La mirada del cura cambió un poco, del hostil desinterés a la ligera irritación.

—Parece que sí conoce al obispo Hanër. Esperen aquí fuera —dijo cerrando de nuevo la puerta en sus narices.

—¿Cómo sabía que ese Hanër estaría aquí? —preguntó Paola.

—El obispo Hanër no ha descansado un domingo en su vida, dottora. Hubiera sido una triste casualidad que lo hiciera hoy.

—¿Es amigo suyo?

Fowler carraspeó.

—Bueno, en realidad es la persona que más me odia del mundo. Gonthas Hanër es el Delegado de Funcionamiento de la Curia. Es un viejo jesuita alemán empeñado en acabar con los desmanes en política exterior de la Santa Alianza. Una eclesiástica versión de sus Asuntos Internos. Fue la persona que instruyó la causa contra mí. Me aborrece porque no dije ni una sola palabra acerca de las misiones que me fueron encomendadas.
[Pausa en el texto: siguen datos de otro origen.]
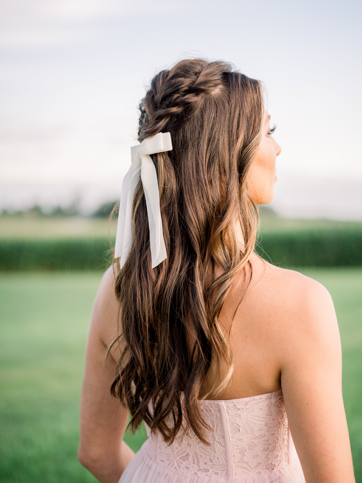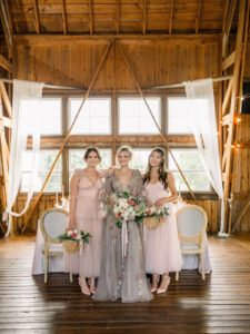 Allure Artistry worked their hair and makeup magic on the bride and both bridesmaids, weaving soft, romantic textures into their hair for an effortlessly beautiful and organic look. Both bridesmaids wore braids, one styled with loose waves and the other in an updo, accessorized with delicate bows. For makeup, Allure Artistry focused on giving each of the ladies a glowing complexion, with washes of shimmer on their eyelids and a soft kiss of color on their lips to create a fresh and natural wedding day look.

—¿Qué tal se tomó su absolución?

—Bastante mal. Me dijo que tenía un anatema con mi nombre en él, y que antes o después se lo firmará un Papa.

—¿Qué es un anatema?

—Un decreto de excomunión solemne. Hanër sabe que es lo que más temo en éste mundo: que la Iglesia por la que he luchado me impida ir al cielo cuando muera.

La criminalista le miró con preocupación.

—Padre, ¿se puede saber qué hacemos aquí?

—He venido a confesarlo todo.

Sacristía del Vaticano

Domingo, 10 de abril de 2005. 11:31

El guardia suizo se derrumbó como un guiñapo mudo, sin más sonido que el que produjo su alabarda al rebotar contra el suelo de mármol. El corte en la garganta le había seccionado la tráquea por completo.

Una de las monjas salió de la sacristía atraída por el ruido. No tuvo tiempo a gritar. Karoski le golpeó brutalmente en la cara. La religiosa cayó al suelo de bruces, completamente aturdida. El asesino se tomó su tiempo para hurgar con el pie derecho bajo la toca negra de la hermana oblata. Buscaba la nuca. Eligió el punto exacto y descargó todo su peso sobre la planta del pie. El cuello se partió en seco.

La otra monja asomó la cabeza por la puerta de la sacristía, con aire confiado. Necesitaba de la ayuda de su compañera.

Karoski le hundió el cuchillo en el ojo derecho. Cuando tiró de ella para depositarla en el corto pasillo que daba acceso a la sacristía, ya arrastraba un cadaver.

Miró los tres cuerpos. Miró la puerta de la sacristía. Miró el reloj.